Most importantly, the man who professionalized the Los Angeles Police Department, William H. Parker was born and grew up in South Dakota. Parker cracked down on corruption, and worked with the Police Union to give the LAPD’s officers civil servant protections. Toobin writes,
Parker’s model for his force was the Marine Corps, and so the police became tantamount to an army of occupation for those in the city who did not share Parker’s ethnic heritage.

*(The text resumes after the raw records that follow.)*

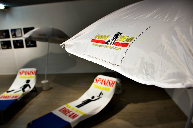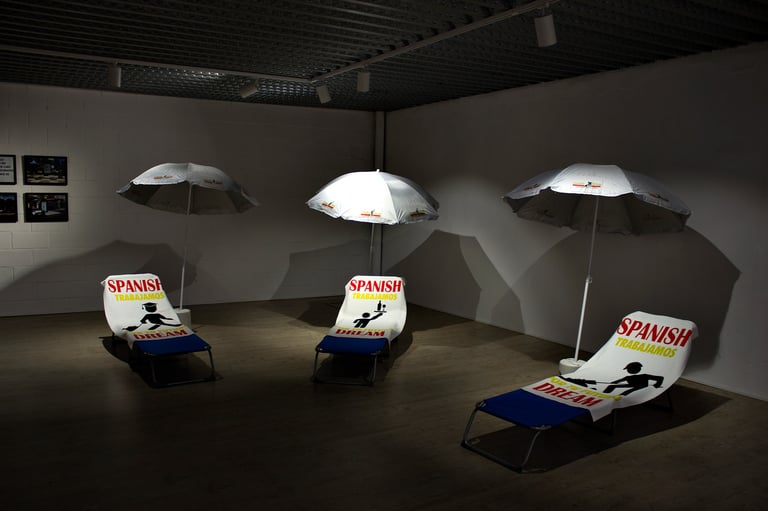 Si hasta ahora el turismo y la dedicación de la ciudad a la generación de valor de cambio han centrado la exhibición Acciones Tópicas – Atópicas, en Spanish Dream (2017) reflexiona sobre cómo estos fenómenos influyen en la clase obrera, en concreto en las generaciones más jóvenes que durante la última década han intentado incorporarse al mercado de trabajo. La pieza, realizada y expuesta por primera vez en Cartagena durante el Festival Mucho Más Mayo dentro del programa (Re)lecturas, se organiza en dos ejes: la emigración de la población en busca de mejores oportunidades y el turismo o el ladrillo como únicas carreras realmente toleradas. Aquí, en 13ESPACIOarte expone la documentación fotográfica del proyecto – que consistió en la creación de objeto como toallas con logotipos y la instalación de eslóganes en marquesinas publicitarias -, junto con la instalación de un escaparate con los objetos creados a modo de tienda playera.
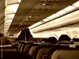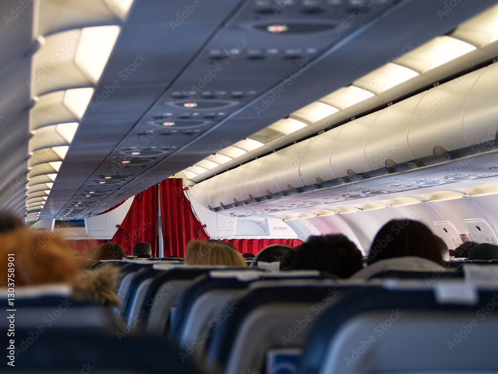 Airplane cabin with passengers, overhead compartments, and a red curtain separating sections
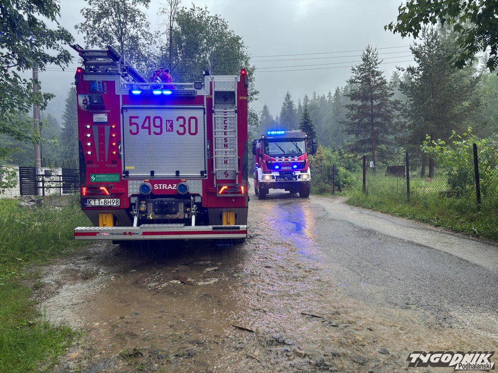 Nad powiatem tatrzańskim przechodzą burze i ulewne deszcze. Najmocniej padało w okolicach Kościeliska. Na ul. Małej Łąki, niedaleko granicy z Zakopanem, zalewa piwnice w tamtejszych domach. Na miejscu pracują już strażacy.
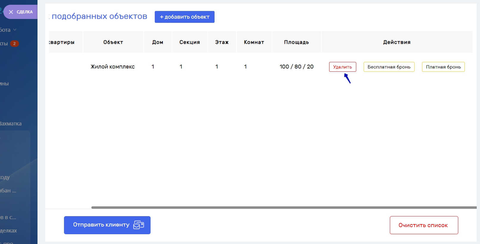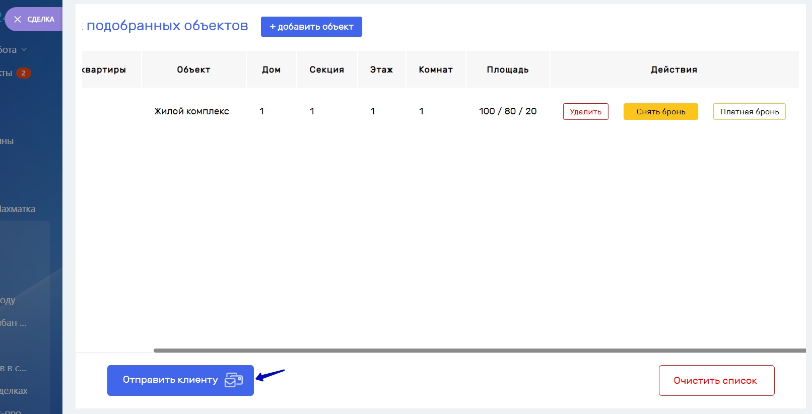 Список подобранных объектов можно отправить на электронную почту клиенту, для этого необходимо в списке объектов нажать кнопку “Отправить клиенту”

Parker’s vision for the LAPD was that of the ultra-professional Sergeant Joe Friday (Jack Webb) played on the fictional TV show Dragnet. While Parker’s vision was Midwestern in its high-trust, orderly, and fair-minded way, there is probably nothing that the LAPD can do to not seem like an “army of occupation” for Los Angeles’s blacks. Midwestern whites are quite different from African-Americans and are less tolerant of black behavior than other white American groups.
For all the talk about Southern whites “oppressing” blacks, there is an underappreciated Midwestern white hostility to blacks that must be examined here without silly, politically correct judgement. During the US Civil War, units from the Midwest were hostile to blacks in a way the Confederate Army was not. Year after year, in terms of whites-to-blacks in prison ratios, the Midwest states lead. In Los Angeles, whites got their Midwestern civic leaders to provide a professional police department, and backed the police up in racial incidents – such as acquitting the police involved in the Rodney King beating despite the enormous media pressure to convict.
The anti-black hostility is probably related to the fact that Midwestern whites are the ultimate producing class. In following their cultural and racial impulses, they built the great Northern Cities, developed the industries, and turned burning deserts into wheat fields. They are orderly, polite, and concerned about others – they’re Minnesota Nice.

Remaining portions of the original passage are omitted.